Литмир - Электронная Библиотека
A
A

Глава четвертая

Лучше повстречаться в тупике с девятилетним быком, чем с женщиной, если тебя одолевает похоть.

Библия.

Хэмилтон проснулся с головной болью в девятом часу вечера. Уже темнело, и на набережной зажглись фонари и огни витрин. Все собирались на ужин, однако чета Винкельманов, Карвахали и Лану ужинали у себя. Подумав, Стивен тоже попросил принести ужин к нему в комнату. Виски сжимало, голова кружилась и ныла, есть совсем не хотелось. Он оставил принесённый поднос на столе и вышел на террасу в прохладную ночь. Вздохнул, вспомнив своё вечернее сновидение, такое сладостное и далёкое от всей этой непонятной сумятицы…

Удивительно, но этот сон неожиданно подарил Стивену уверенность в том, что между ним и Галатеей Тэйтон непременно что-то будет. Ему даже показалось, что теперь между ними точно протянулась невидимая нить, связавшая их воедино, ставшая пророчеством, прорицанием грядущего, его обетованием и надеждой.

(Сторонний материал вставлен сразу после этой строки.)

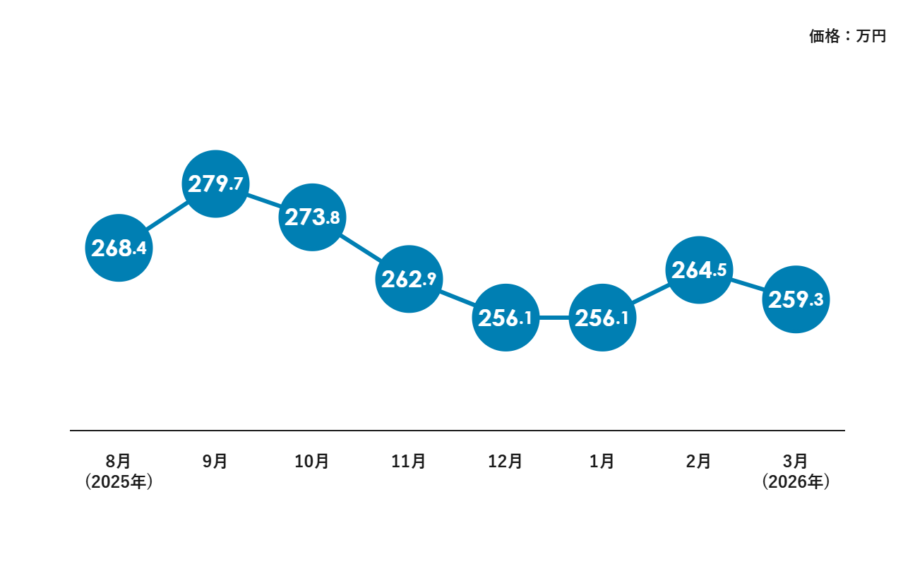 データ開始の2025年8月の268万円と比較すると、現在は約9万円の下落となっています。2025年9月には279万円まで上昇する場面もありましたが、その後は段階的に価格調整が進み、現在は250万円台後半で推移しています。

Ветерок, ласково обдувая его разгорячённую голову, успокоил нервы и утихомирил страсть. Хэмилтон осторожно поднялся по лестнице на третий этаж и тут же отпрянул к стене. Ему хотелось просто бросить хотя бы мимолётный взгляд на окно спальни Галатеи, но там стоял Арчибальд Тэйтон.

Дверь его спальни была приоткрыта, там, кажется, работал телевизор, но звука не было слышно, и только экран через оконное стекло бросал на лицо Тэйтона алые и серые всполохи. Стивен снова испугался: это было лицо демона, лицо Отелло с застывшей на нём гримасой запредельной ревности и боли, спрессованной железной волей в убийственное молчание. Хэмилтон пытался убедить себя, что это просто игра теней, миражи ночи, но побоялся двинуться с места, опасаясь, что Тэйтон заметит его. Тот же, порывшись в карманах, вынул пачку сигарет и щёлкнул зажигалкой. Пламя на несколько мгновений осветило холодное неподвижное лицо, и Стивен подумал, что точно ошибся.

Тэйтон отвернулся к морю, чей шум отдалённо угадывался во тьме, и Хэмилтон хотел было прошмыгнуть вниз, к себе, но вовремя заметил тень внизу и вжался в простенок у колонны. Шаги внизу стали отчётливей, и на ступенях возник Дэвид Хейфец. Он сразу заметил Тэйтона и направился прямо к нему, однако, подойдя вплотную, долго молчал.

Молчание прервал Тэйтон.

— Ты был прав, Дэвид. Не нужно было этого затевать. Я был просто идиотом.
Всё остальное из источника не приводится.